That is also why you don't rely solely on your own preferences and behaviors for deciding what product features to build.

Also interesting:

1. The Pre-Internet ‘People Magazine’ Era

2. Content from ‘your friends’ kills People Magazine

3. Kardashians/Professional ‘friends’ kill real friends

4. Algorithmic everyone kills Kardashians

5. Next is pure-AI content which beats ‘algorithmic everyone’

3 comments

At the risk of being overly optimistic: Number 4 is an interesting inflection point that could potentially (hopefully) sow the seeds of it's own destruction (or at least radical transformation?)

Which is to say, the move from 3 to 4 strikes me as a move toward "real human interaction," owing to the fact that the "content" there is much less prepackaged Kardashianism and much more "real person sharing real thing."

Hence why I think 4 to 5 is very far from a sure bet. I'm not sure even what Pure AI could even meaningfully signify here.
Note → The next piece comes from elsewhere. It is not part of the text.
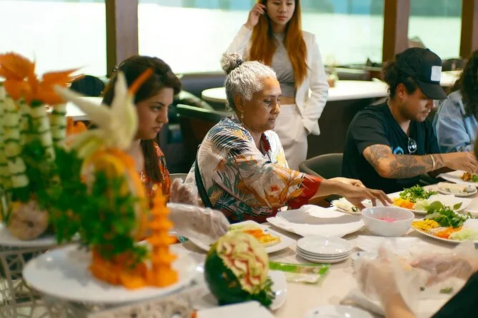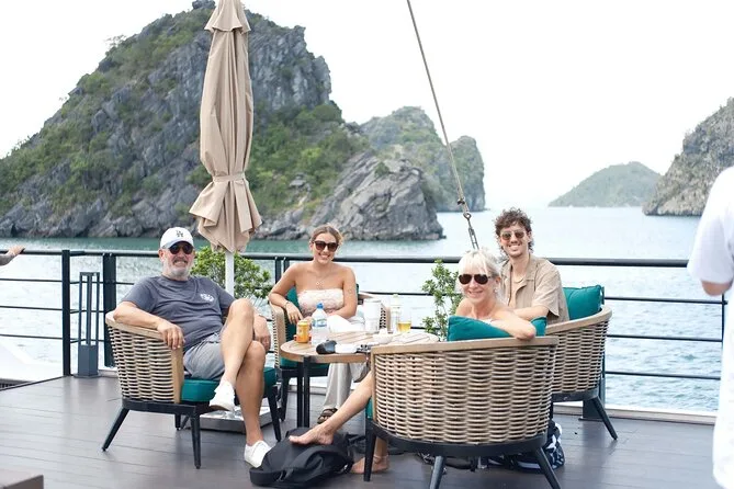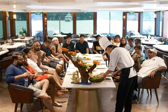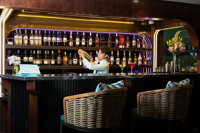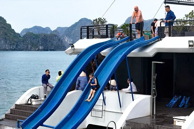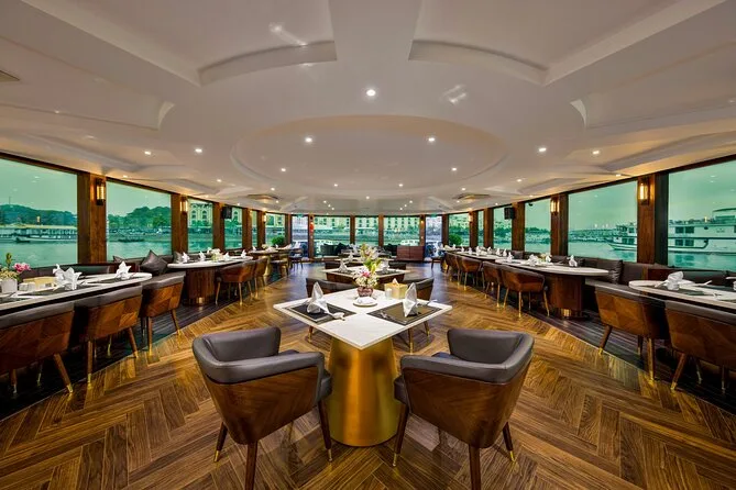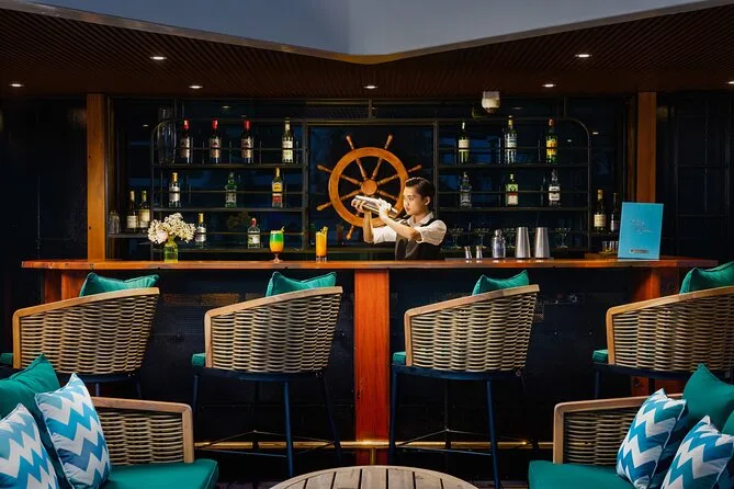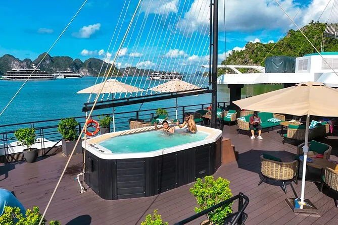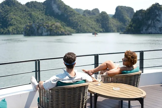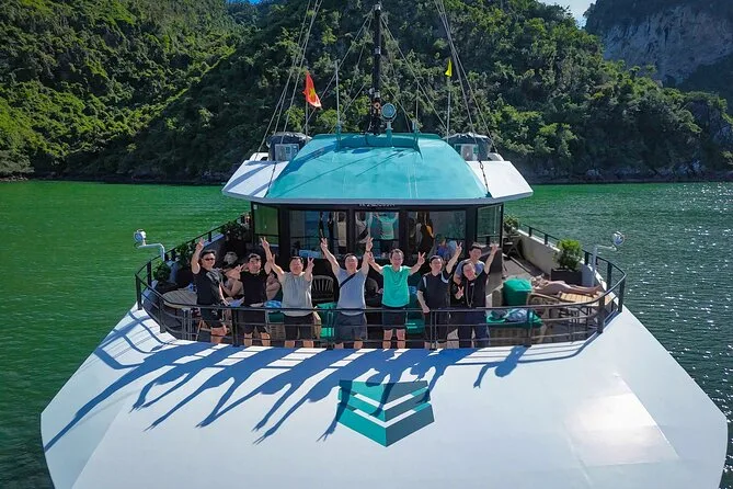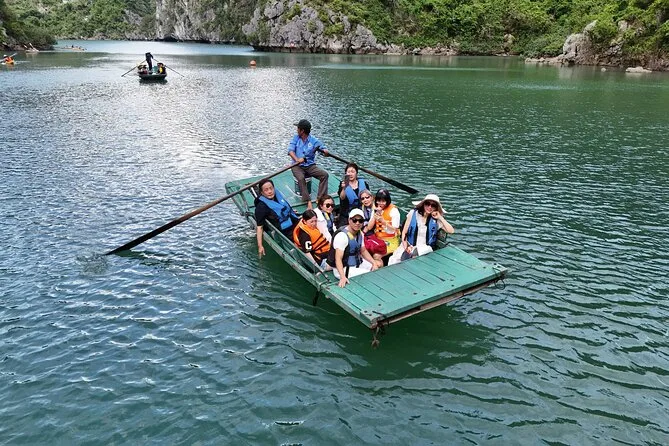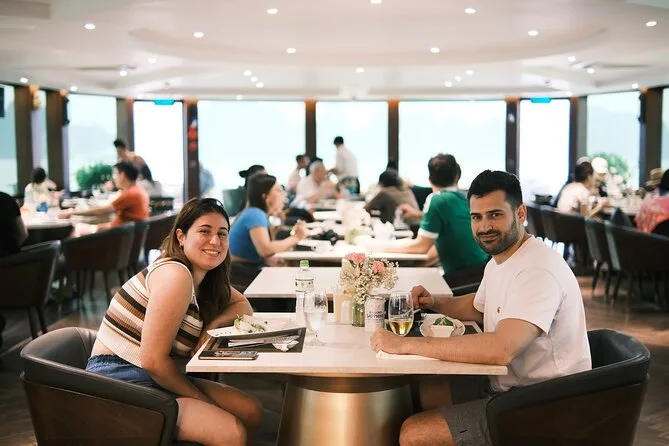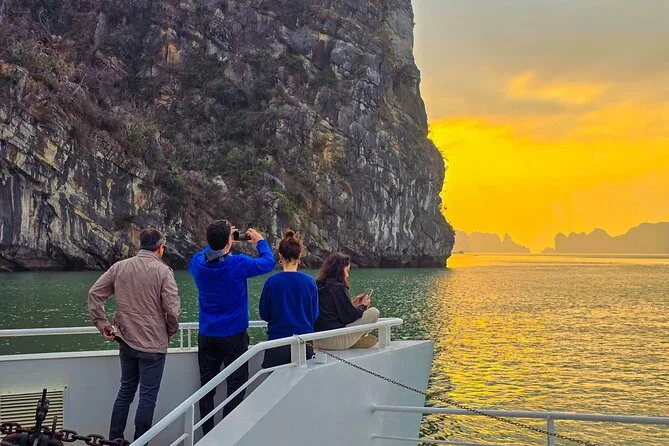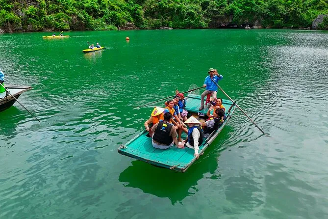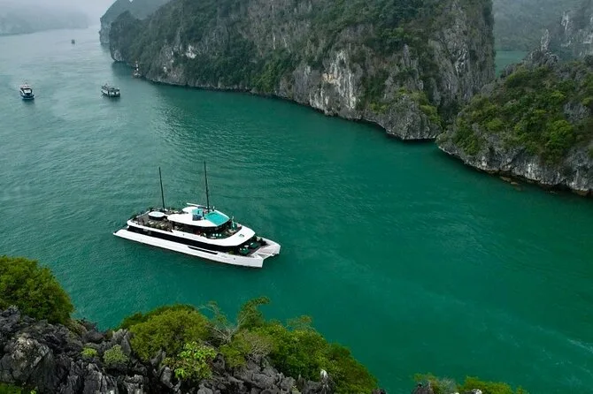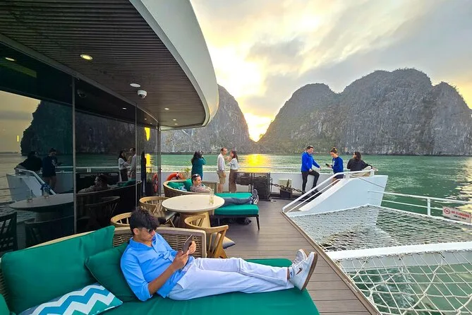 Seu dia inclui traslado de ida e volta em limousine do Bairro Antigo de Hanói, todas as taxas de entrada para os pontos da Baía de Halong e Lan Ha, um drink de boas-vindas ao embarcar, almoço completo feito por um chef premiado (com água liberada), opções de caiaque ou passeio de barco de bambu pelas lagoas tranquilas, tempo para nadar ou relaxar no Frog Pond em Lan Ha, aula prática de rolinhos primavera vietnamitas com degustação, além de chá com bolinhos e frutas ao pôr do sol antes do retorno confortável ao seu hotel.

If content-generation AI is given sufficient resources and training input, I think 4>5 is pretty much guaranteed.

The recommendation systems that power "algorithmic everyone" are not optimizing for real human interaction, or real people sharing real things; they're optimizing for the absolute most engaging content that they can find.

This is Kardashian-killing because no one person or brand -- not even Kim -- can create the most engaging content in the world on every single post; and even if they could, they can't do it at a rate to fill an entire feed.

Sufficiently good recommendation systems kill the Kardashians because they can crawl through an ocean of user-generated content and find the winners.

If you combine a sufficiently good content-generation AI with the data you glean from the world's best recommendation system, you can just create the most engaging possible content, without even knowing what that would be.

> Which is to say, the move from 3 to 4 strikes me as a move toward "real human interaction," owing to the fact that the "content" there is much less prepackaged Kardashianism and much more "real person sharing real thing."

I believe we are well into number 4 and let me tell you, neither the "person" or the "thing" feels "real". Everything is so contrived, scripted, architected, and manufactured that the entirety of social media feels like The Truman Show at this point.

So, my take is the following: I still believe that it's all getting "more human," and that this isn't necessarily mutually exclusive of "contrived, scripted" etc. The difference is "Kardashianism" is filtered through big media selling ads, vs. e.g. "TikTok" -- at the point of creation -- is filtered through nothing but the sensibilities of the creator and mostly stays what it was at the point of creation. Ergo, much more human.
I don't think that "Algorithmic Everyone", the one you're phrasing as "real human interaction" is really either everyone or real humans. Instead, it's turning a handful of Kardashians into a million Kardashians. The number of performers, and niches, vastly grows but it's still all performance.

I think that's one reason that a lot of kids love TikTok but adults generally can't stand it. Kids are looking for sources that show them how to act. TikTok is basically a giant tips channel. Here's how to be silly, here's how to dance, here's how to be a goth... It's like an enormous highschool, but if the highschool were completely made up of amateur actors trying to get the most attention.

"the replacement of humans with machines will continue until morale improves"
My AI-generated content is being virtually consumed and clicked on by thousands of AI readers. No actual people in the loop. Happiness increases.

I also have an AI that filters out AI generated content so I only see things sourced directly from people I know to be people. Granted, Cortana sometimes slips and gets it wrong and lets through something that obviously came from an AI... Hmm... I wonder how that happened. Happiness decreases.

I'm so glad the gap between "we can keep very-long-term records" and "AI now dominates content creation" is going to be large enough, even for very recent things like video games, that I'll have enough excellent "content" to last multiple lifetimes without ever having to pay attention to the AI stuff.